Integration with Matrix Factorization

The user and item embeddings, once transformed, are integrated into an extended MF model. This integration is optimized jointly for the rating prediction task, ensuring that both the embedding and recommendation models adapt together to maximize performance.

Experimental Validation

HERec was tested on three real-world datasets: Douban Movie, Douban Book, and Yelp. The results demonstrate significant improvements over traditional baselines such as PMF and SoMF, and even state-of-the-art HIN-based methods like SemRec and DSR. The proposed approach shows an amplified impact in cold-start scenarios, outperforming competitors by considerable margins.

Implications

From a practical perspective, HERec offers a robust framework for enhancing recommendation systems by effectively utilizing heterogeneous side information.
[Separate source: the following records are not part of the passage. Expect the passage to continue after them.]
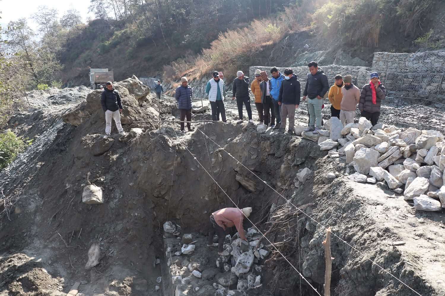 म्याग्दी । धवलागिरि गाउँपालिका–७ झिनडाँडामा माटो मिसिएको गिट्टी प्रयोग गरेर गरिएको ढलान जनप्रतिनिधिहरूले भत्काइदिएका छन् । दरवाङ–मुना–ढोरपाटन सडक योजनाअन्तर्गत झिनडाँडामा ह्युम पाइप अडाउन पर्खाल निर्माणका लागि जगमा पिसिसी ढलान गर्दा माटो मिसिएको गिट्टी प्रयोग भएको पाइएको हो । योजना अनुगमनका लागि सोमबार झिनडाँडा पुगेका गण्डकी प्रदेशसभा सदस्य रेशमबहादुर जुग्जाली (सुविन), धवलागिरि गाउँपालिकाका अध्यक्ष प्रेमप्रसाद पुन, उपाध्यक्ष रेशम पुनमगरले ढलान भत्काएर पुनर्निर्माण गर्न लगाएका छन् ।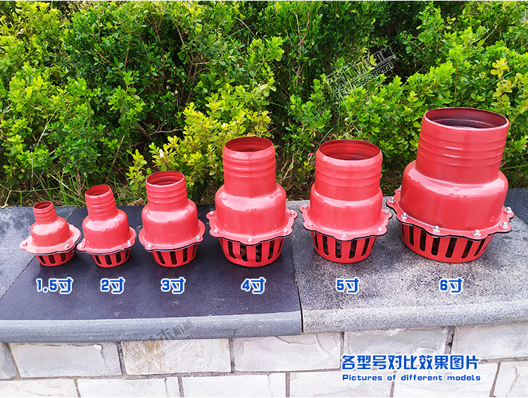 1.5 inch (3.7 cm) pitcher head 2 inches (5 cm) pitcher head 2.5 in (6.2 cm) pitcher head 3 inch (7.5 cm) pitcher head 4 in (10 cm) pitcher head 5 inches (12.5 cm) pitcher head 6 in (15 cm) pitcher head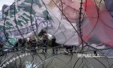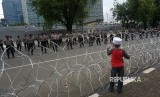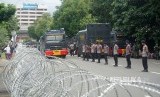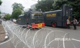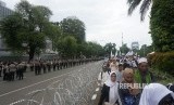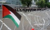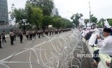 REPUBLIKA.CO.ID, JAKARTA -- Sejumlah personel kepolisian berjaga di depan Kedubes Amerika Serikat yang dipasangi pembatas kawat berduri saat berlangsungnya aski bela Palestina di kawasan Monas,Jakarta,Ahad (17/12).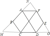 如图,延长BA和EF交于N,延长CD和FE交于O,延长AB和DC交于M,![]()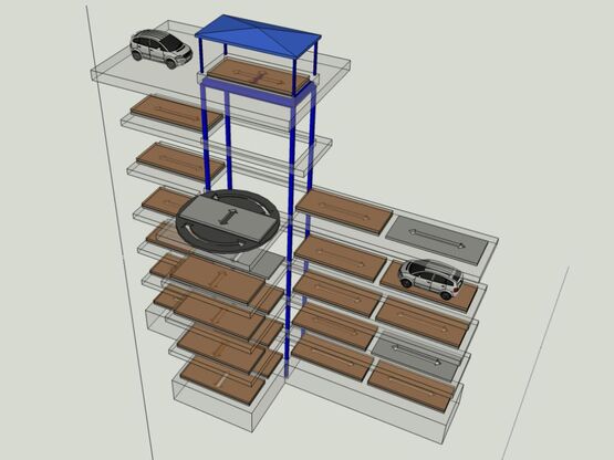 - Système de parking permettant la juxtaposition et la superposition, sur deux ou trois niveaux, de tous types de véhicule. Plateformes se déplaçant transversalement via des rails d’entraînement et de guidage, et verticalement via des vérins hydrauliques.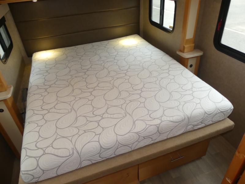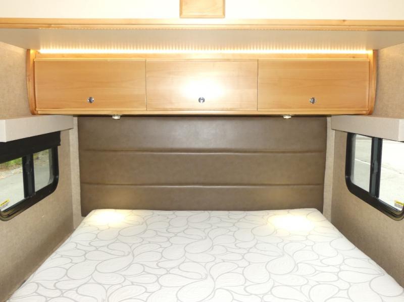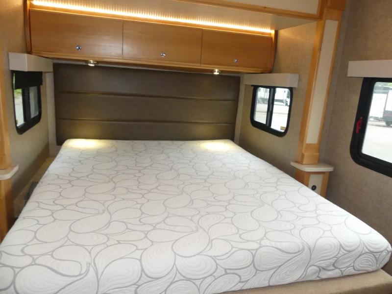 In the very rear of this Wayfarer class C you will find a spacious bedroom thanks to a rear slide out queen size bed including nightstands. There is overhead storage at the head of the bed, and a space for a TV on the outer wardrobe wall just off the foot of the bed along the curb side, plus so much more!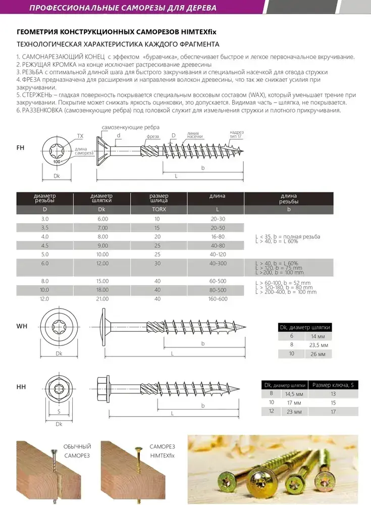 Саморез конструкционный по дереву 8*160 HIMTEX прессшайба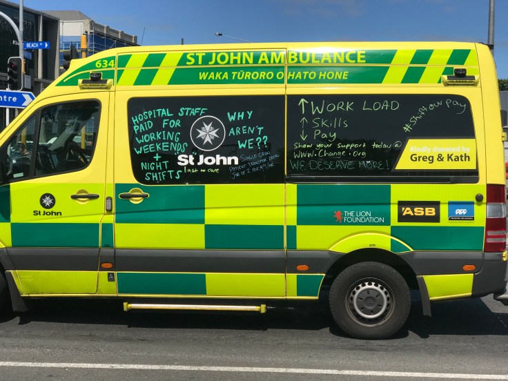 This ambulance is advertising its driver’s (or at least some driver’s) opinions as it rolls along. If they’re really not getting any night /weekend pay I have to agree that’s no good… seems like everybody in healthcare gets something extra for the off-hours work they do.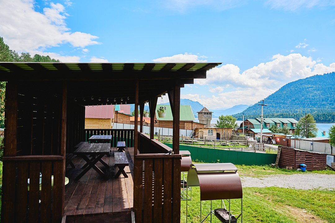 Гостевой двор на Телецком расположен в центре села Артыбаш, в 50 метрах от Телецкого озера и в шаговой доступности от основных туристических объектов. С балконов и из окон номеров открывается восхитительный вид на озеро, перевал Корбу, горы и мост реки Бия.

This becomes particularly beneficial in scenarios with sparse user-item interactions, where traditional methods struggle. Theoretically, this work underscores the importance of task-specific network embedding methods over generic ones. It also highlights the need for more flexible and expressive fusion mechanisms to capture the nuanced information encoded in HINs.

Future Directions

The potential applications and extensions of HERec are manifold:

  • Deep Learning Methods: Incorporating sophisticated deep learning architectures like convolutional neural networks or autoencoders could further enhance the fusion process.
  • Generalization: Extending the model to accommodate any node types with arbitrary meta-paths could provide a more comprehensive recommendation strategy.
  • Explainability: Enhancing the interpretability of recommendations by leveraging the semantic information encoded in meta-paths could foster greater user trust and engagement.

Conclusion

HERec represents a significant advancement in the field of recommendation systems by integrating heterogeneous information network embeddings in a principled and effective manner. The extensive empirical evidence underscores its efficacy in diverse scenarios, marking a substantial step towards more intelligent and adaptive recommendation models.